It looks like all the tests that are marked XPASS are silently passing, whereas the XFAIL ones are silently failing. If you wanted to understand why a certain test is XFAIL, are you commenting @pytest.mark.xfail(reason="Incrementally fixing.") so you actually get the error message? Or is there a better way to do that? Currently, I'm looking at a specific transformer at a time, e.g. hatch run test:all tests\test_transformers.py -k CCATransformer -v.
That's exactly what I'm doing - using xpass to keep the CI runs happy but disabling it for local runs so I can see what's going on. It's a little clunky, but it seems to work!
Also, I'd recommend making sure your scikit-learn
is up to date in your test environment - I just entered a shell and used pip install --upgrade
, but maybe we need to think about pinning for the development environment. There was a recent release that added new estimator checks, and it took me a while to figure out why I had fewer XFAILS than the CI did...

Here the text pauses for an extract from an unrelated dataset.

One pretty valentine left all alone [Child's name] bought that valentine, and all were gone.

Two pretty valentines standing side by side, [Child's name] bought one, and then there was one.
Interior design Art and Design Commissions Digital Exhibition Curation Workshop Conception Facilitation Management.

If I were able to provide some fixes, did you actually want me to commit them? How best not to step on each other's toes to avoid merge conflicts? Up until now, it's been one of us doing most of the commits in a particular PR.
Hmm, good question! I haven't touched CCorA
and won't be working on this much tomorrow, so if you get an itch to dive in you could start there. Otherwise, I'm roadblocked on CCA
(details at the top), so if you wanted to take a look at that it would be great!

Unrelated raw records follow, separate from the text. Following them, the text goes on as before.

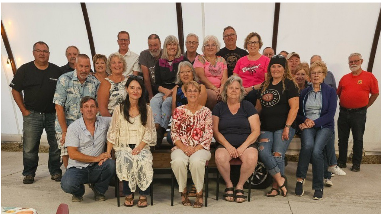
TMA WINDUP 2024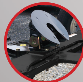
FIFTH WHEEL ATTACHMENT (OPTION)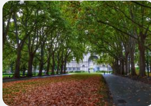
Royal Exhibition Building

23 of the 24 failing checks are caused by the fact that CCA only works with 2D y arrays. I assume there's no way we can add compatibility for that? So far, I haven't found any way to indicate this constraint to sklearn, and I'm not sure there's any comparable transformer or estimator that we can look at for guidance...
I saw this too (and thanks for the tip on updating scikit-learn
- I only had 23 failing checks before I did that 😄 ). I started looking at scikit-learn's CCA
for inspiration here as it's a transformer which takes X
and y
matrices. But it looks like it allows a 1D array that it will transpose into a 2D array (i.e. a single feature). I believe canonical correspondence analysis (e.g. our CCA) requires a 2D y
array and, even if it did allow a 1D array, all of those elements should be nonzero which would trip up the checks, I believe. I will do some reading and testing on whether CCA can take a single vector of non-zero values.

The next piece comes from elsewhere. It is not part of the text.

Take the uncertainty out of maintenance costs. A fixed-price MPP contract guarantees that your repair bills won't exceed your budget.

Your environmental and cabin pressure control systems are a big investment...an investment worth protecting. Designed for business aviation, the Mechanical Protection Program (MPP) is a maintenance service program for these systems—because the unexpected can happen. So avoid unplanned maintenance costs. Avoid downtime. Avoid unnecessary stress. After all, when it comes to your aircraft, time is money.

But I'd also like to know how transformers like StandardScaler
pass these checks. Obviously, most of these checks are designed for estimators that take both X
and y
. Is StandardScalar
passing because it simply ignores the y
being passed? One other item that might be a red herring - I noticed that scikit-learn's CCA
specifies its fit as fit(X, Y)
(note the capitalization). I assume that is to signify to the user that this is meant to be passed a matrix/array rather than a vector, but because it's a positional argument, I think the y
argument from the checks is being passed to the Y
parameter.
Everything is conjecture at this point. I'll dedicate a bit of time to this today, as I would think that many of the issues here will also be applicable to CCorA
.
I believe canonical correspondence analysis (e.g. our CCA) requires a 2D y array and, even if it did allow a 1D array, all of those elements should be nonzero which would trip up the checks, I believe.
Good to know! There are tags for requires_positive_X
and requires_positive_y
, but I don't see any options for nonzero constraints. If we find there's no solution to handling the 1D y checks, I think the _xfail_checks
tag might be our best option (although we may also want to raise an error for users about requiring 2D arrays).
EDIT: Actually, it looks like the requires_positive_
tags constrain inputs to "strictly positive" values >0, so maybe that is a solution if we can transpose 1D arrays to 2D?
But I'd also like to know how transformers like StandardScaler pass these checks. Obviously, most of these checks are designed for estimators that take both X and y. Is StandardScalar passing because it simply ignores the y being passed?
Exactly!
One other item that might be a red herring - I noticed that scikit-learn's CCA specifies its fit as fit(X, Y) (note the capitalization). I assume that is to signify to the user that this is meant to be passed a matrix/array rather than a vector, but because it's a positional argument, I think the y argument from the checks is being passed to the Y parameter.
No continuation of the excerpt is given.